Reginald Jones is our Chairman and a director. Mr. Jones has been the Chairman and a director of Ardmore
since 2010. Mr. Jones is a co-founder and Managing Partner of Greenbriar Equity Group LLC. Prior to
founding Greenbriar in 1999, Mr. Jones spent 13 years at Goldman, Sachs & Co., where he was a Managing
Director and Group Head of global transportation investment banking. During his time there, Mr. Jones
managed a number of the firm’s largest corporate clients and led the execution of significant transactions
related to mergers and acquisitions, equity and debt financings, leveraged buyouts, recapitalizations, and
principal investments. Prior to Goldman Sachs, he worked as a consultant at Bain & Company. Mr. Jones
earned a BA from Williams College and an MBA from the Harvard Business School.

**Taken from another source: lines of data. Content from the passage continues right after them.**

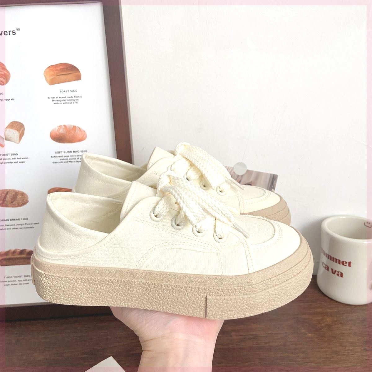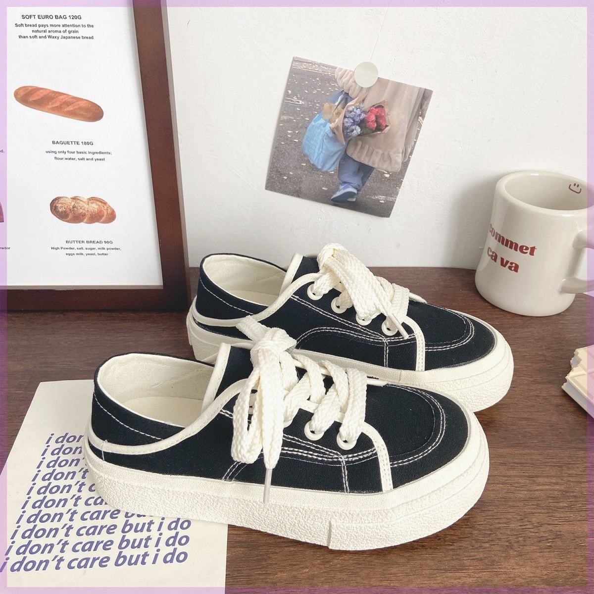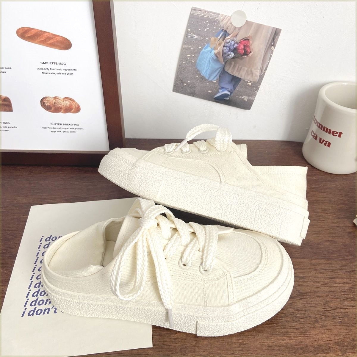 帆布鞋女夏季半拖两穿懒人鞋一脚蹬帆布鞋厚底小白鞋休闲百搭板鞋
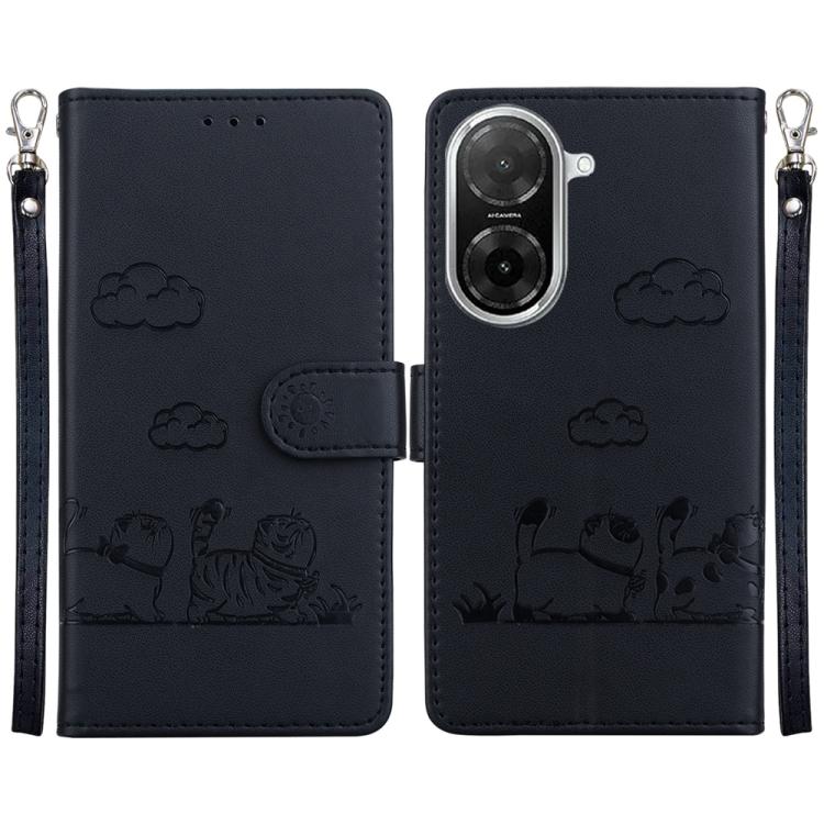 Funda de cuero RFID con diseño de gatos para Redmi A5 4G (171,7 mm) (negro)
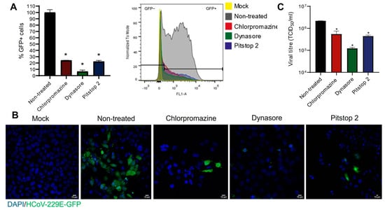 After validating the desired inhibitory effect and concentration of drugs for the rest of this study, the following step was to analyze the effect of such drugs in the entry and infection of HCoV-229E. Briefly, cells were treated with either chlorpromazine, dynasore or pitstop 2 for 1 h, and then they were infected with the virus. The cells were maintained in the presence of the drugs during and after the infection, and samples were collected at 20 h p.i. for flow cytometry and immunofluorescence. When treated with the drugs, a significant decrease in the infection was reported as compared to non-treated cells, as seen in the flow cytometry analysis (Figure 2A), immunofluorescence images (Figure 2B), showing GFP corresponding to viral infection, and titration of viral infectious particles (Figure 2C). The inhibition of the infection in the CME-treated cells, in particular, those treated with dynasore, was achieved in a dose-dependent manner, with 100 µM being the concentration that showed the greatest reduction in infection (Figure S1B). The inhibition of CME by using pharmacological drugs reduces HCoV-229E infection, and thus, the virus might be using this route to enter Huh-7 cells.
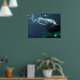 Manta Ray in the dark ocean depths. Destination scuba souvenir and gifts
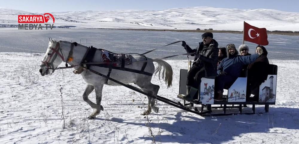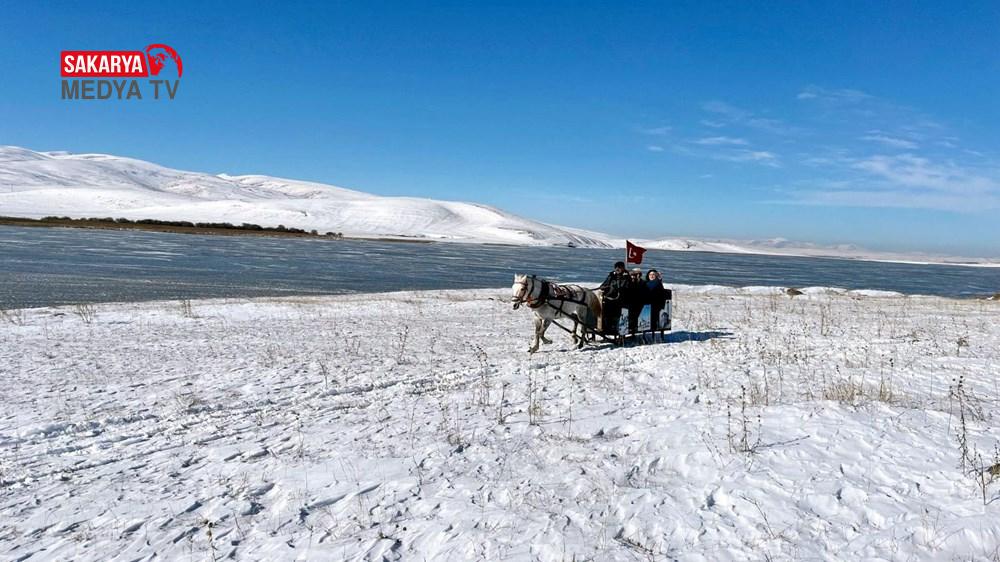 Her yıl binlerce yerli ve yabancı turistlerin uğrak yeri olan gölde atlı kızak işleten yapan Aziz Taşdemir (41), buz katmanının atları taşıyacak düzeyde olmaması nedeniyle müşterilere kıyıda hizmet verdiklerini söyledi.
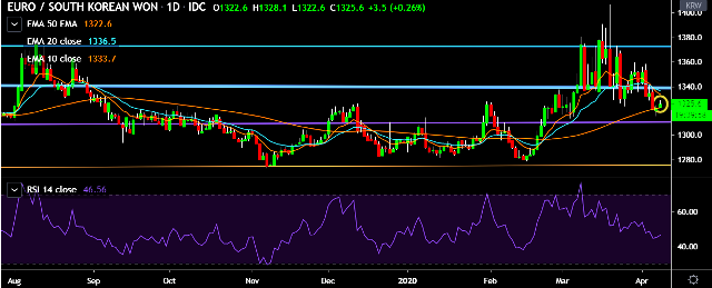 We prefer to take long position on EUR/KRW around 1,324, stop loss at 1,320 and target of 1,337/1,358.
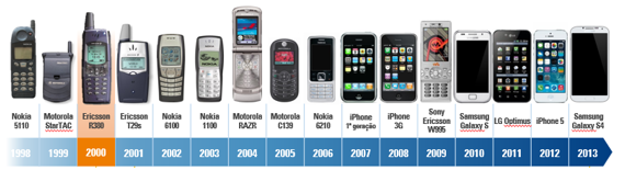 Figure 2 – Illustration showing timeline of mobile models and highlighting examination between 2014 and 2015 in Brazil (Source: INPI 2015).
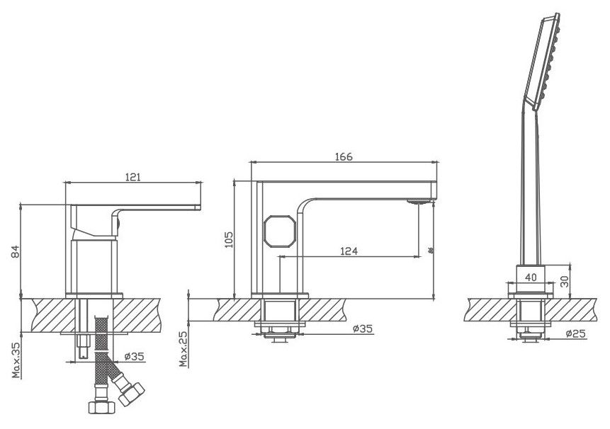 Смеситель на борт ванны Haiba.Керамический картридж 35 мм.Душевой гарнитур в комплекте.
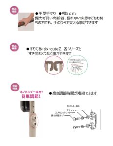 短い手すりと長い手すりの組合せで住環境や使用状況に合わせた

Niall McComiskey has served as a director of Ardmore since March 2011. Mr. McComiskey is also a
Managing Director at Greenbriar Equity Group LLC. Prior to joining Greenbriar, Mr. McComiskey was a Vice
President at HSH Nordbank AG from 2004 to 2006, where he led many of the firm’s investment activities in
the transportation sector. Previously, Mr. McComiskey worked in the Mergers and Acquisitions Group at
Deutsche Bank AG. Mr. McComiskey holds a BA in economics from Yale University. He also serves as a
director of Aergen Leasing and Ryan Herco Flow Solutions.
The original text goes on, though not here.